The Devon Access and Referral Team (DART) is a new telephone service for booking hospital appointments. DART have been working with Care Opinion to hear how patients are finding the new system. Business Manager John Tovey discusses the impact online feedback has had
What is your role at DART?
My role is Business Manager. I am responsible for our patient/practice helpdesk team, communications between DART and patients/the NHS and also for reporting on all aspects of DART performance. I supply data out to GP practices on their usage of the DART service and I brief the DART management board on our performance.
How are you using Care Opinion?
We use it for timely feedback from patients on their experience of booking appointments through DART. DART is a new service which was set up in May 2010 and we knew that we needed some way of getting feedback quickly in order to gauge the effectiveness of our service from the patient’s perspective.
What is involved in doing this?
When a patient is referred the practices send/hand them a pre-formatted letter, which mentions feedback on Care Opinion. We deal with nearly 10,000 referrals a month so a lot of patients are seeing the details of how to feed back to us.

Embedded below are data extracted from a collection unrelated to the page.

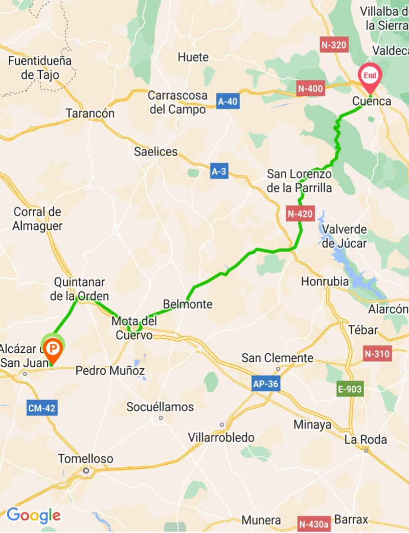 Bij Torrefresneda verlieten we de A5 en vervolgden onze weg over de N430, een prachtige route. Het eerste gedeelte van de rit leidde ons door een agrarisch gebied, met uitgestrekte amandelbomen die volop in bloei stonden. Deze werden afgewisseld met olijfbomen en natte velden waar rijst wordt verbouwd.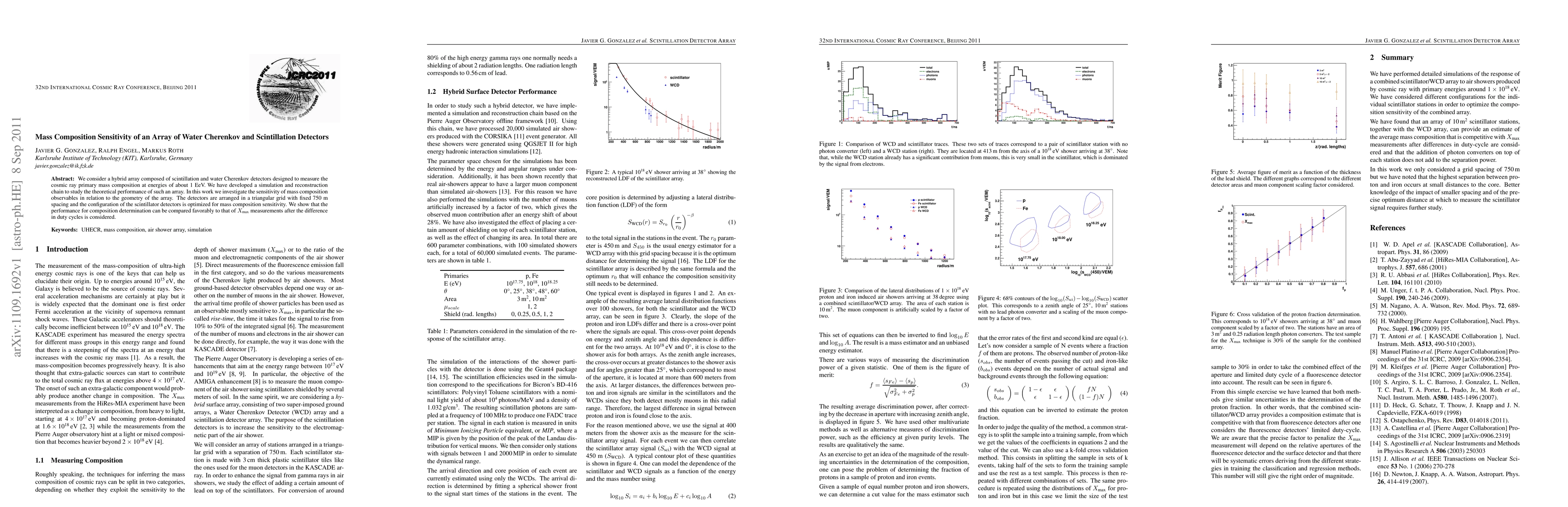 Researchers developed a hybrid array of water Cherenkov and scintillation detectors to measure cosmic ray primary mass composition at high energies. They found that the arrangement's geometry significantly impacts performance.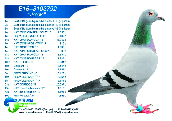 “内罗”进种鸽舍,第二年,便作出子代“杰西”,“杰西”不负厚望,于2018年拿下KBDB比利时三场比赛最佳赛将的荣誉;“杰西”再传优良基因,其后代在2025年拉索特年全国一岁鸽赛中登顶冠军,实现了冠军血脉的传承。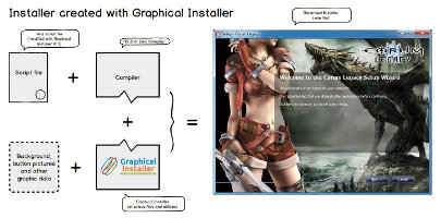 All you need is to update your script with appropriate calls to Graphical Installer API, create graphic data (background picture, buttons, ...) and compile everything together. Such installer with custom design we call Graphical Installer powered installer. See the compilation process for Graphical Installer powered installer in the picture to the left.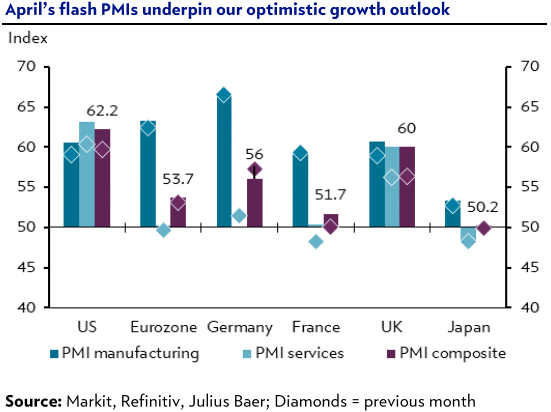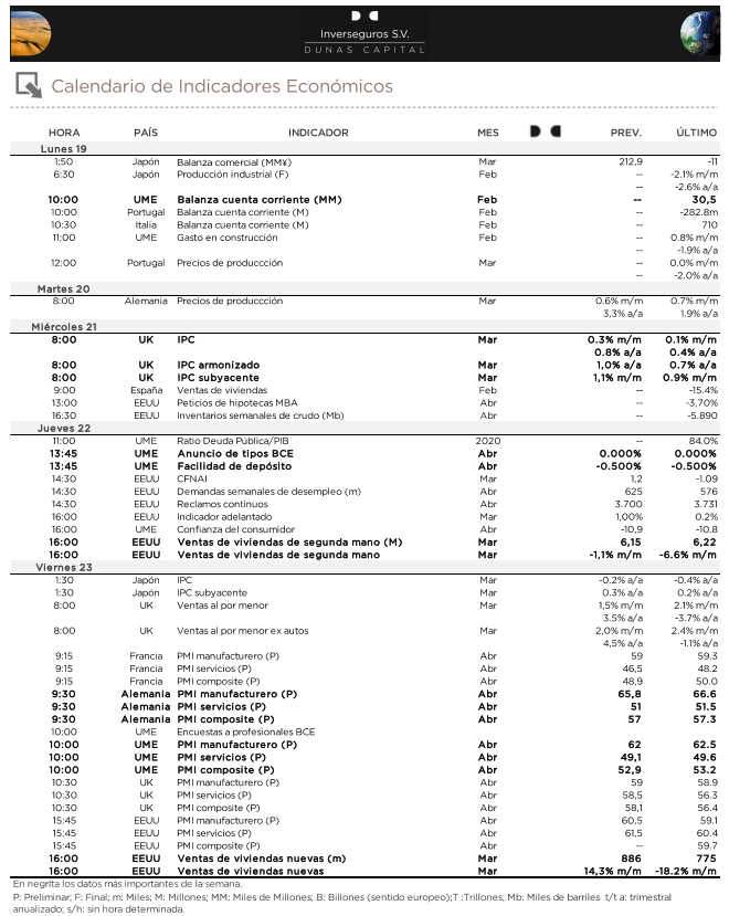 Los PMIs preliminares del mes de abril se espera que sigan mostrando gran solidez en Estados Unidos, mientras que en Europa las restricciones a la movilidad seguirán afectando al sector servicios, pero en menor medida de lo inicialmente estimado.

In reality only a small proportion choose to do so - usually it is those who have had a problem that take the time to tell us about it. This is useful in one way because it means that most of the responses are an opportunity to learn about problems. However it does mean we don’t often hear from those patients who are satisfied with the service.
How much work is it?
Most of the work involved is investigating the comments, looking for root causes and ensuring we give the patient a response which leaves them feeling we have listened and are trying to improve things for them.
What obstacles have you encountered?
One of the downsides of patients being able to comment anonymously is that we are sometimes a bit frustrated that we cannot fully investigate a comment. We do appreciate though that some patients are more comfortable with remaining anonymous.
How have you involved other staff in the department or trust?
We have kept our local PALS team and the PCT Customer Service manager up to date with the things we have done through Care Opinion. We also give feedback to the teams of people who talk to patients if we think there is something we need to change in our internal processes.
Has there been any impact for staff? How have they reacted?
We have made some changes to the way we operate the call centre as a result of feedback from patients. Early feedback identified for us that our small teams of call handlers (we have teams of 6 people who deal with calls for particular specialties) were inadvertently blocking any calls from being received to their team on some occasions. This was basically because they all made themselves unavailable at the same time to do other administrative tasks and weren’t aware that their colleagues had all done the same thing. We started getting some patients comments about being unable to get through at a particular time and this led us to make changes to the phone system to enable the teams to automatically always have someone available to take calls. The staff were happy to implement this change and to know that they could no longer inadvertently prevent patients from getting through.
Has there been any impact for patients?
We have certainly streamlined the way our phone system works as a result of feedback from patients and we know from monitoring the issues logged via Care Opinion that some of the grumbles made about the way calls were queued and answered have now disappeared.
We would like to think that this reflects the improvements we made within the first few months after DART went live. We have also been able to follow up on specific issues for some patients where they have been prepared to give us enough detail to do so.
Have you had any really critical feedback? If so, how have you handled it?
Certainly the overall flavour of the responses has been generally a bit negative. It is nice to see the odd positive one and we do circulate those around the team as it is a morale boost. If we have particular problems we have avoided discussing it directly with members of the team but rather have talked to them about the planned changes and used the feedback in general terms to reinforce why changes are necessary.
What have you learnt from using Care Opinion?
That despite thinking that you know how your processes are supposed to work, it is only when you get feedback from patients that you can find they aren’t working that way at all. Organising services in the NHS is a big and complicated task and there is always potential for things not to go to plan. You try to anticipate what is required but you really need direct feedback in order to identify and quickly fix problems.